RuntimeError: can't add a new key into hash during iteration
               []= at org/jruby/RubyHash.java:991
               add at /Users/user/.rvm/gems/jruby-1.7.19/gems/http-cookie-1.0.2/lib/http/cookie_jar/hash_store.rb:56
               add at /Users/user/.rvm/gems/jruby-1.7.19/gems/http-cookie-1.0.2/lib/http/cookie_jar.rb:108
               add at (eval):3
               add at /Users/user/.rvm/gems/jruby-1.7.19/gems/mechanize-2.7.3/lib/mechanize/cookie_jar.rb:22
             parse at /Users/user/.rvm/gems/jruby-1.7.19/gems/http-cookie-1.0.2/lib/http/cookie_jar.rb:192
             parse at /Users/user/.rvm/gems/jruby-1.7.19/gems/http-cookie-1.0.2/lib/http/cookie.rb:322
   scan_set_cookie at /Users/user/.rvm/gems/jruby-1.7.19/gems/http-cookie-1.0.2/lib/http/cookie/scanner.rb:212
             parse at /Users/user/.rvm/gems/jruby-1.7.19/gems/http-cookie-1.0.2/lib/http/cookie.rb:281
               tap at org/jruby/RubyKernel.java:1886
             parse at /Users/user/.rvm/gems/jruby-1.7.19/gems/http-cookie-1.0.2/lib/http/cookie.rb:280
             parse at (eval):3
             parse at /Users/user/.rvm/gems/jruby-1.7.19/gems/mechanize-2.7.3/lib/mechanize/cookie.rb:37
             parse at /Users/user/.rvm/gems/jruby-1.7.19/gems/http-cookie-1.0.2/lib/http/cookie_jar.rb:191
      save_cookies at /Users/user/.rvm/gems/jruby-1.7.19/gems/mechanize-2.7.3/lib/mechanize/http/agent.rb:857
  response_cookies at /Users/user/.rvm/gems/jruby-1.7.19/gems/mechanize-2.7.3/lib/mechanize/http/agent.rb:845
              each at org/jruby/RubyArray.java:1613
  response_cookies at /Users/user/.rvm/gems/jruby-1.7.19/gems/mechanize-2.7.3/lib/mechanize/http/agent.rb:844
             fetch at /Users/user/.rvm/gems/jruby-1.7.19/gems/mechanize-2.7.3/lib/mechanize/http/agent.rb:282
         post_form at /Users/user/.rvm/gems/jruby-1.7.19/gems/mechanize-2.7.3/lib/mechanize.rb:1281
            submit at /Users/user/.rvm/gems/jruby-1.7.19/gems/mechanize-2.7.3/lib/mechanize.rb:548
            submit at /Users/user/.rvm/gems/jruby-1.7.19/gems/mechanize-2.7.3/lib/mechanize/form.rb:223
            (root) at main.rb:92

And there is a very similar thing going on in http-cookie:

def add(cookie)
  path_cookies = ((@jar[cookie.domain] ||= {})[cookie.path] ||= {})
  path_cookies[cookie.name] = cookie # offending line
  cleanup if (@gc_index += 1) >= @gc_threshold
  self
end

And again, when I comment out the code in http-cookie that adds a cookie, the error goes away. But then my program stops scraping the data properly, probably because I've removed said functionality of the gems I'm using. And the oddest thing about all this is that the program only errors out after scraping a certain number of pages, so I'm wondering if I'm doing something wrong on my end. I would share the code that I have, but it's kind of a private program and I'd rather only share parts of it as needed. Btw, my program is working properly on MRI, albeit somewhat slowly.

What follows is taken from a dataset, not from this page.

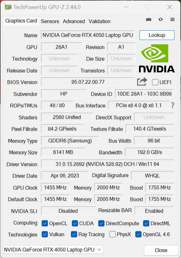 在3D游戏性能方面,RTX 4050也有出色表现,可以胜任2k分辨率、高画质设置的主流游戏。而NVIDIA DLSS超分辨率技术,可进一步提升帧率表现。

So, I guess that my question is: are Mechanize and its dependencies incompatible with multithreading in JRuby or am I doing something wrong on my end?

GDP2
  • 1,948
  • 2
  • 22
  • 38
  • Java's Collections throw `ConcurrentModificationException` when you modify the collection during iteration with an `Iterator`. It seems more an JRuby than a concurrency problem. – sschmeck Nov 26 '15 at 19:54
  • @sschmeck What do you mean? I'm not seeing any `ConcurrentModificationException` errors. – GDP2 Nov 29 '15 at 04:58
  • @sschmeck Oh, never mind, now I get what you mean. I previously wasn't aware of the `ConcurrentModificationException` from Java. – GDP2 Dec 28 '15 at 15:50

1 Answers1

1

seems that you've run into concurrent modification issues for some Hash instances. it's hard to blame you or the gems at this point but likely the gems such as http-cookie are not "truly thread-safe" (only MRI - GIL thread-safe) esp. since there's synchronization code to be found e.g. in each.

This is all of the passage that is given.